* _EXERCISE INPUTS_
*****
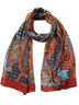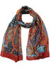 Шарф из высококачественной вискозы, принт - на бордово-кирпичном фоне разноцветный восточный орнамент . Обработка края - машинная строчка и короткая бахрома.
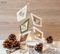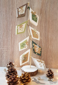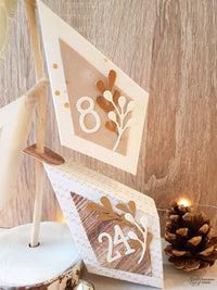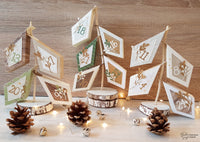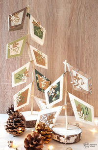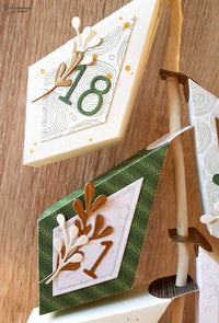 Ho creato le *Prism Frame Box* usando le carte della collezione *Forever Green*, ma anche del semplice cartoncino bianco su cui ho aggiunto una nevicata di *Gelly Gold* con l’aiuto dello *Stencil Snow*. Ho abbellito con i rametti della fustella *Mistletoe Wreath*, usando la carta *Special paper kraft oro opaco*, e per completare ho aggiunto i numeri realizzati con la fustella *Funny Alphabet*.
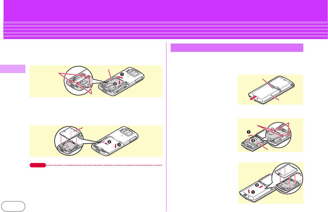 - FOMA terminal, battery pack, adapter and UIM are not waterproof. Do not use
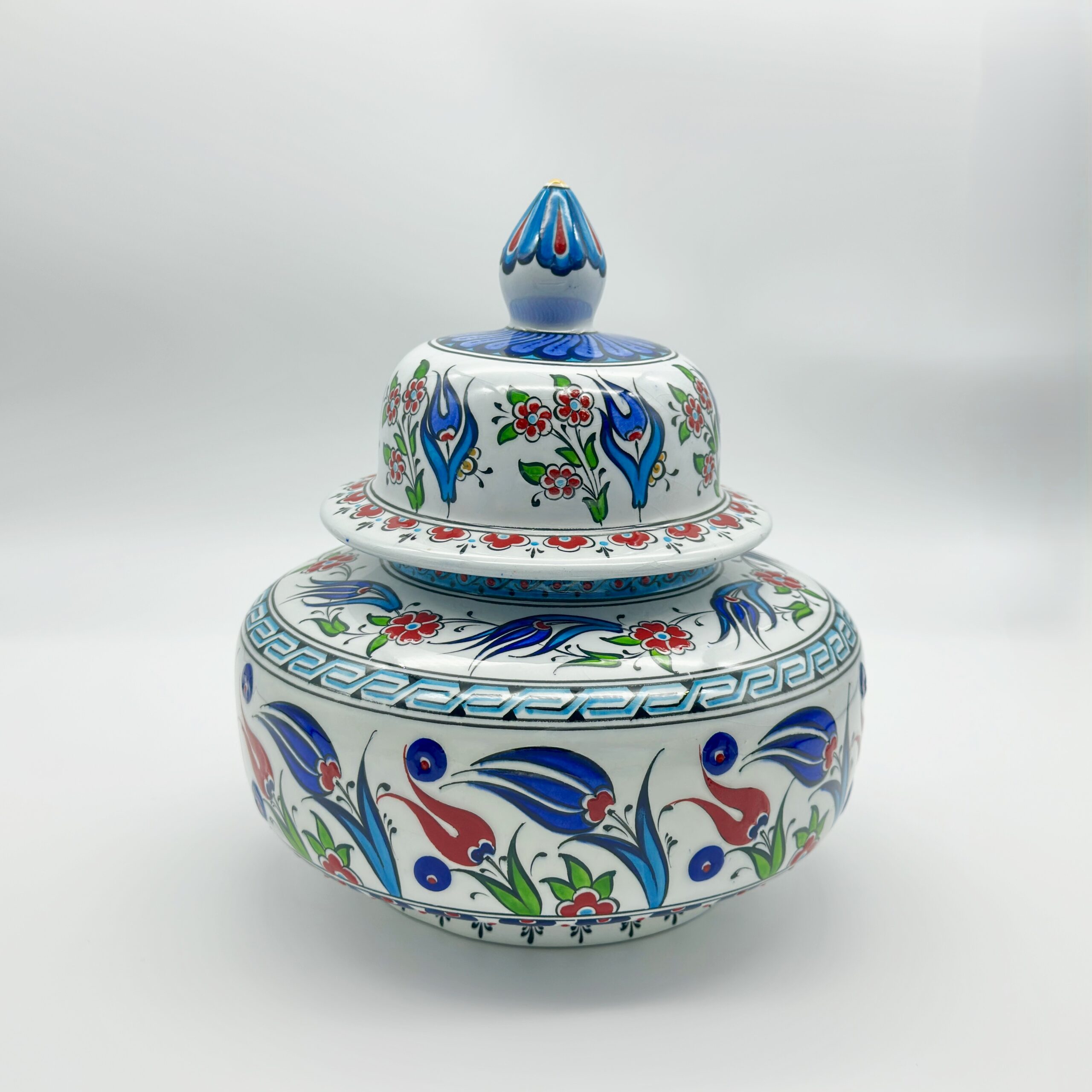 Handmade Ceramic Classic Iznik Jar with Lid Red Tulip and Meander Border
*****
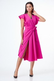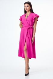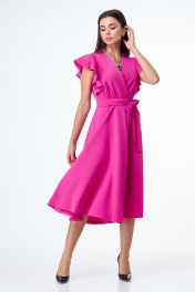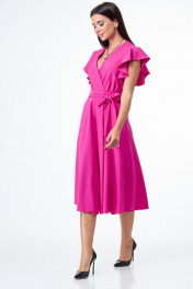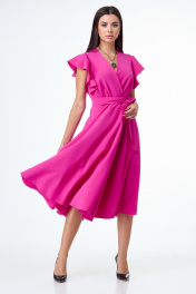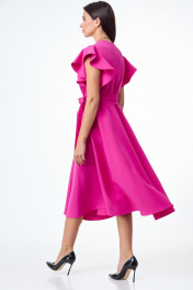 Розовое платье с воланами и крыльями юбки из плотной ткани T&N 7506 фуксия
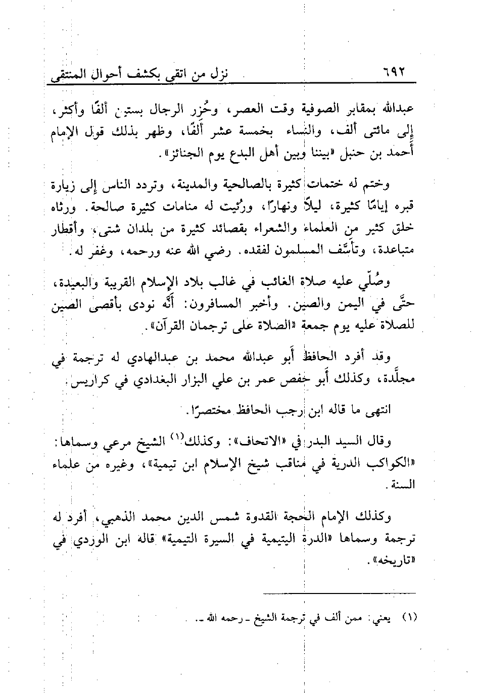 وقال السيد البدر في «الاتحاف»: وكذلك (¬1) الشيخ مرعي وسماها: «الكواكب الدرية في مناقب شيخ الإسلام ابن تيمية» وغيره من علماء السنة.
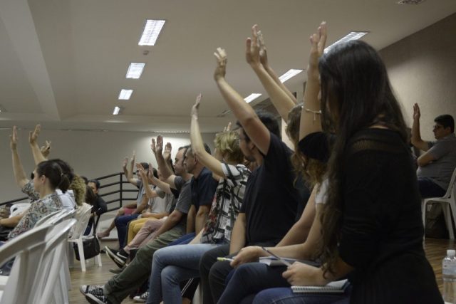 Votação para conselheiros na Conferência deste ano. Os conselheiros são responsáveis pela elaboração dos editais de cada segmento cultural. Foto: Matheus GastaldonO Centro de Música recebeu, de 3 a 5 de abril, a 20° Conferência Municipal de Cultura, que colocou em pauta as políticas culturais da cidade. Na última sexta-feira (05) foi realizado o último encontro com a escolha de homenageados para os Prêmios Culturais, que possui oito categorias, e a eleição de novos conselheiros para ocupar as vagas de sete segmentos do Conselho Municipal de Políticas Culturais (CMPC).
*****
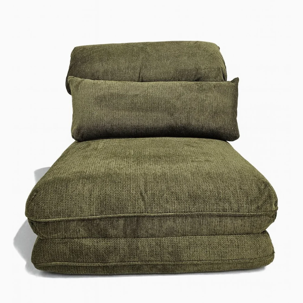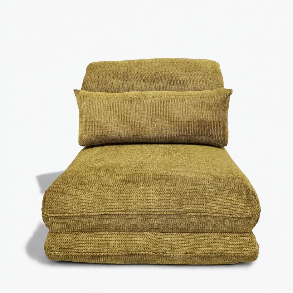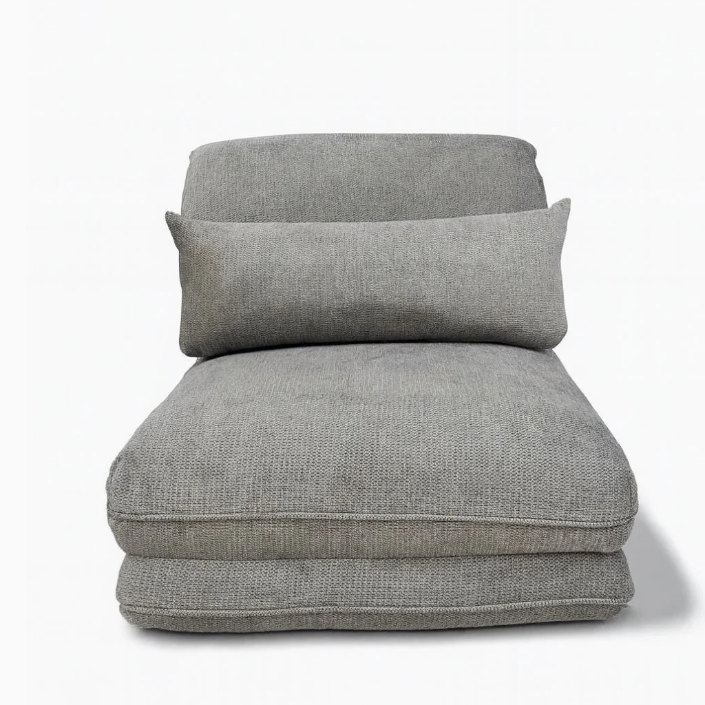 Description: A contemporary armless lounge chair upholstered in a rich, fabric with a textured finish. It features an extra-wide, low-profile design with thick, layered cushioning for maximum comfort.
*****
* _EXERCISE BRIEF_
Working from the data above, repeat exactly, and only, the lines that begin at the line containing "Ho creato le" and stop after the line containing "Handmade Ceramic Classic"; pictures are not copied.

* _RESULT BELOW_
 Ho creato le *Prism Frame Box* usando le carte della collezione *Forever Green*, ma anche del semplice cartoncino bianco su cui ho aggiunto una nevicata di *Gelly Gold* con l’aiuto dello *Stencil Snow*. Ho abbellito con i rametti della fustella *Mistletoe Wreath*, usando la carta *Special paper kraft oro opaco*, e per completare ho aggiunto i numeri realizzati con la fustella *Funny Alphabet*.
 - FOMA terminal, battery pack, adapter and UIM are not waterproof. Do not use
 Handmade Ceramic Classic Iznik Jar with Lid Red Tulip and Meander Border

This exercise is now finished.